═════ Dataset content ═════
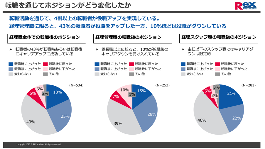 また転職によって一時的なランクダウンがあっても、3年以内に昇進して元の役職やポジションに戻るケースが多いという実態も判明。
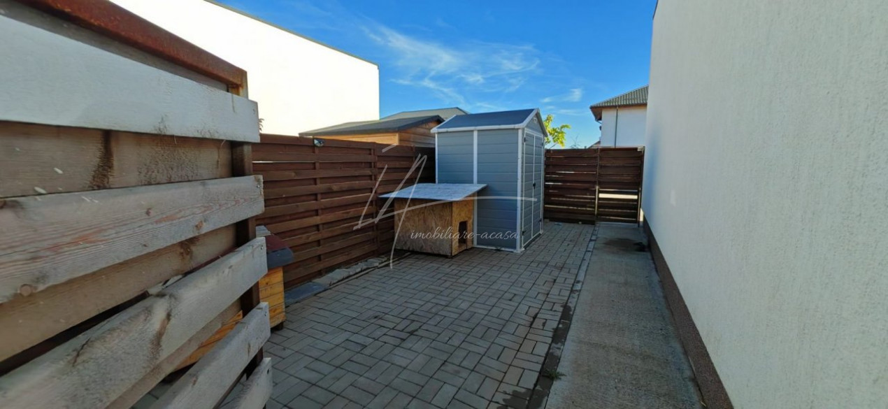 Are parcare pentru 3 masini. In curtea din spatele casei este spatiu pentru gratar, perfect pentru a ne petrece timpul liber cu familia si prietenii. In curtea laterala este o magazie pentru depozitare, are masina electrica de tuns gazon si aparat de spalat cu apa rece sub presiune Karcher.
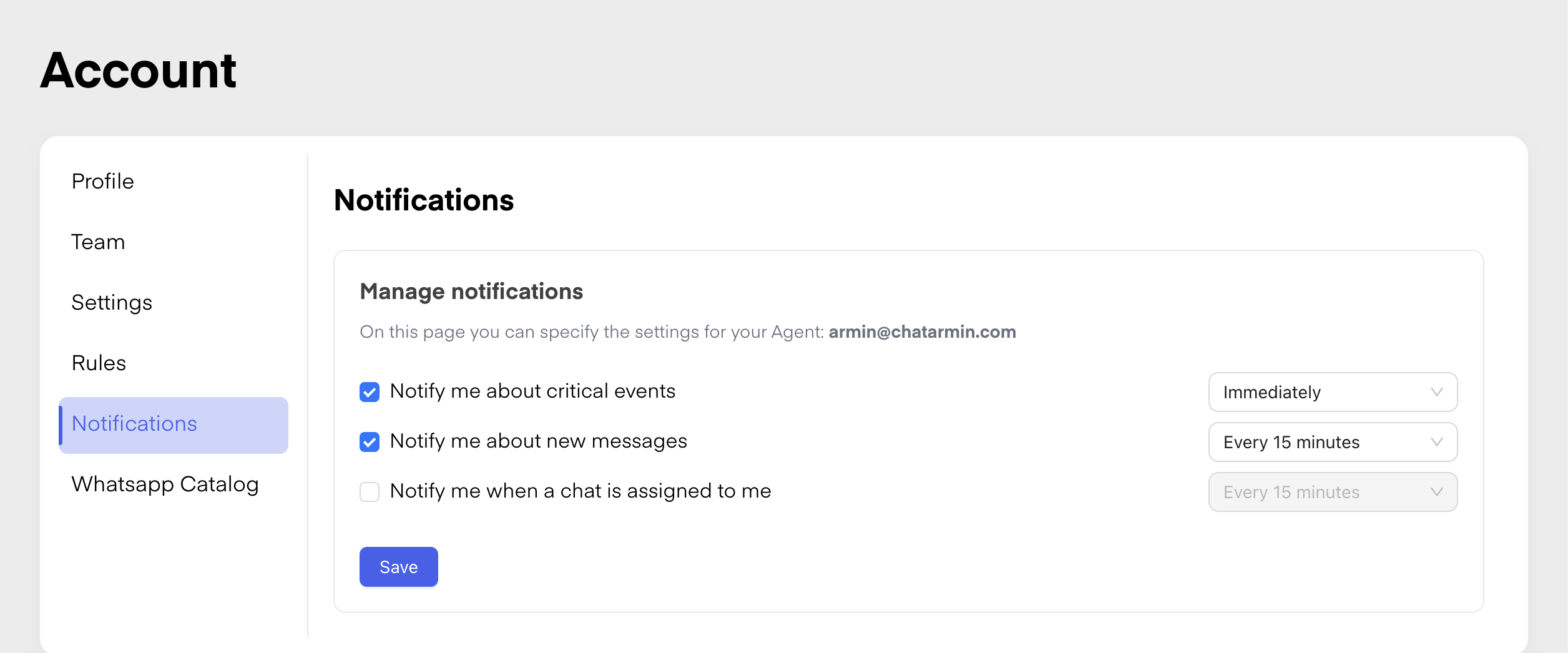 Admins can customize triggers, such as instant alerts, delays, or specific conditions (e.g., chat priority), ensuring timely responses and improved team efficiency. Notifications can be sent via email.
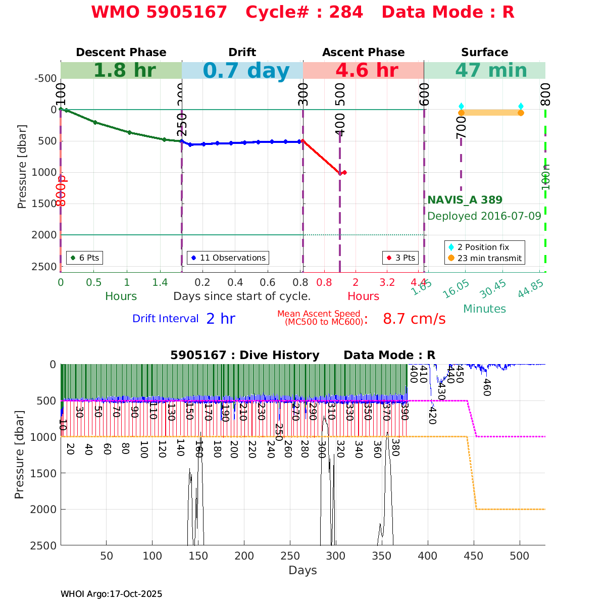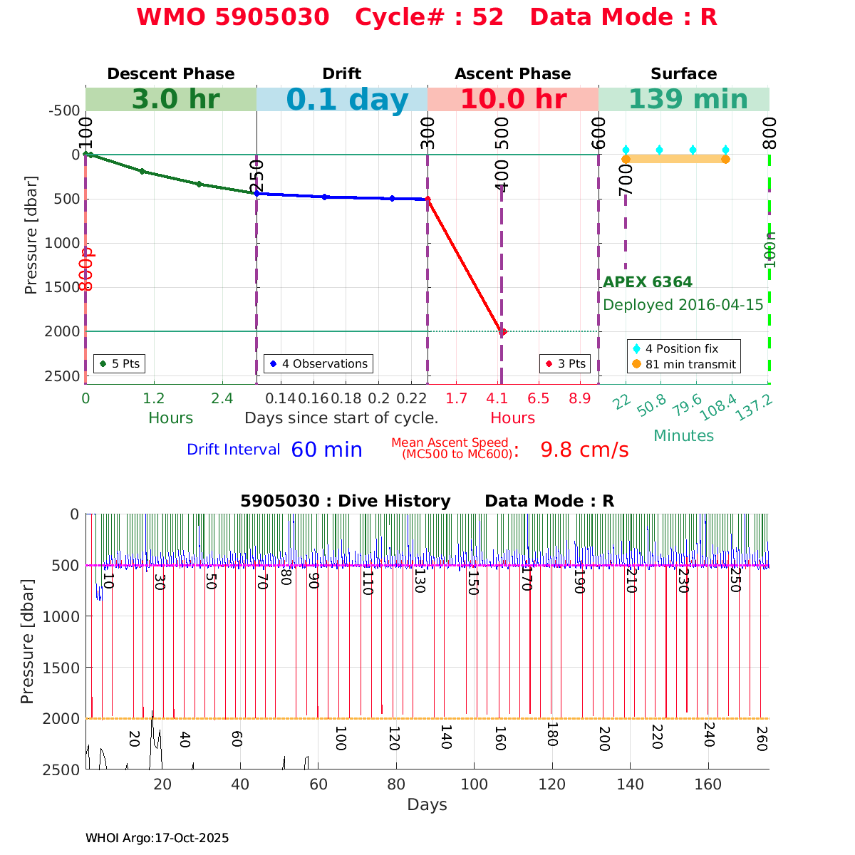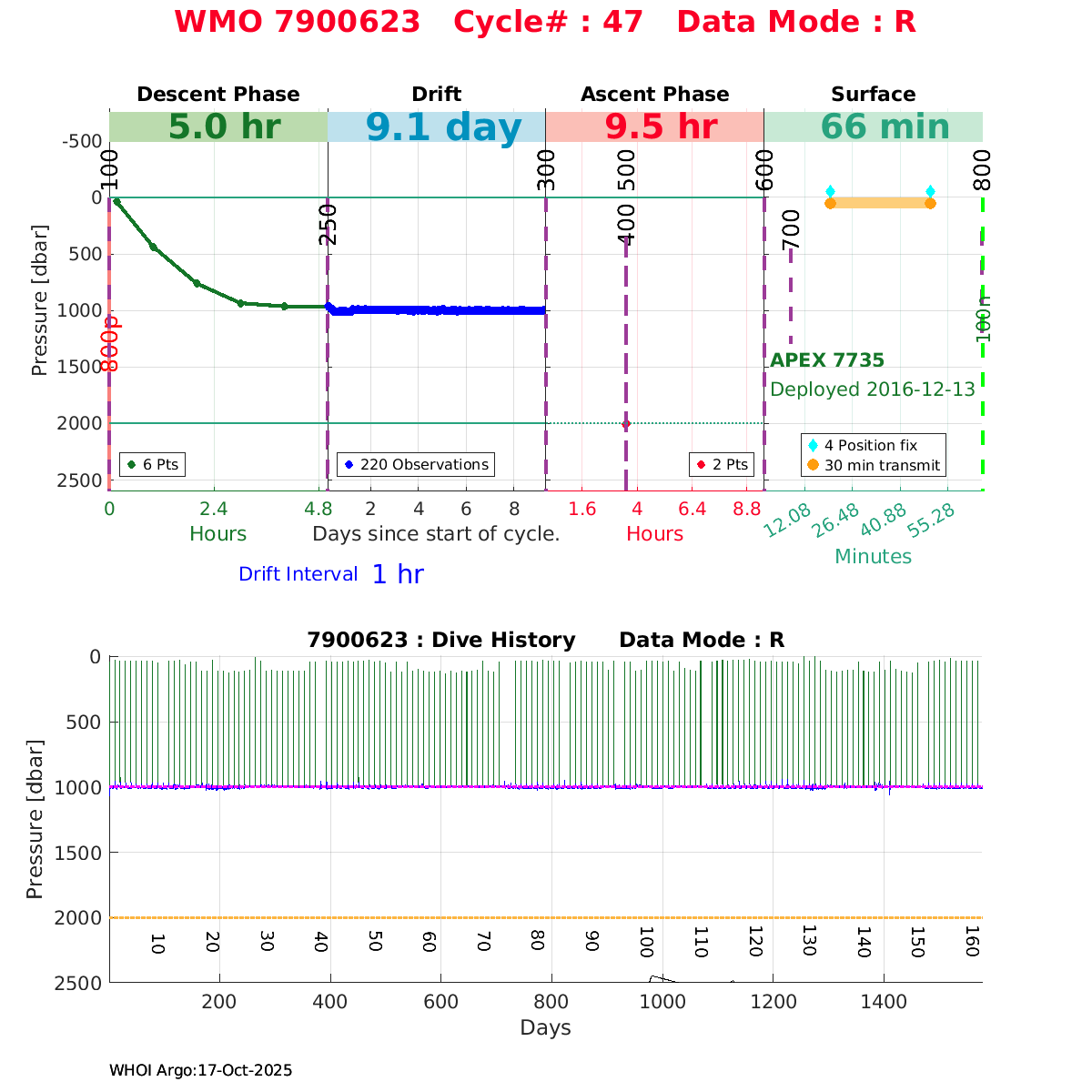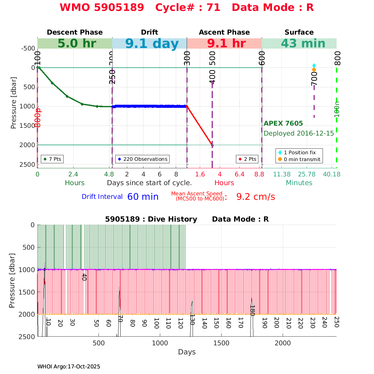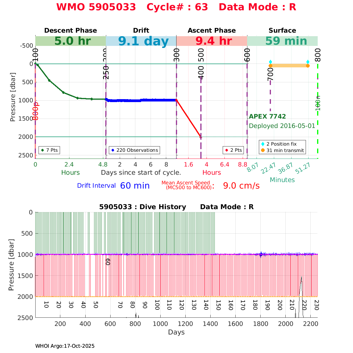 | WMO: #5905191 DAC: csiro PI: Susan Wijffels NAVIS_EBR: #763 SBE41CP_V7.2.5: #8633 DRUCK: #10300736 Altimeter Comparison (IFREMER) EuroArgo Link | ![]() |
═════
* **Task brief**: Could you give the listing again exactly as it stands, minus any pictures?

* **Result below**:
 また転職によって一時的なランクダウンがあっても、3年以内に昇進して元の役職やポジションに戻るケースが多いという実態も判明。
 Are parcare pentru 3 masini. In curtea din spatele casei este spatiu pentru gratar, perfect pentru a ne petrece timpul liber cu familia si prietenii. In curtea laterala este o magazie pentru depozitare, are masina electrica de tuns gazon si aparat de spalat cu apa rece sub presiune Karcher.
 Admins can customize triggers, such as instant alerts, delays, or specific conditions (e.g., chat priority), ensuring timely responses and improved team efficiency. Notifications can be sent via email.
 | WMO: #5905191 DAC: csiro PI: Susan Wijffels NAVIS_EBR: #763 SBE41CP_V7.2.5: #8633 DRUCK: #10300736 Altimeter Comparison (IFREMER) EuroArgo Link | ![]() |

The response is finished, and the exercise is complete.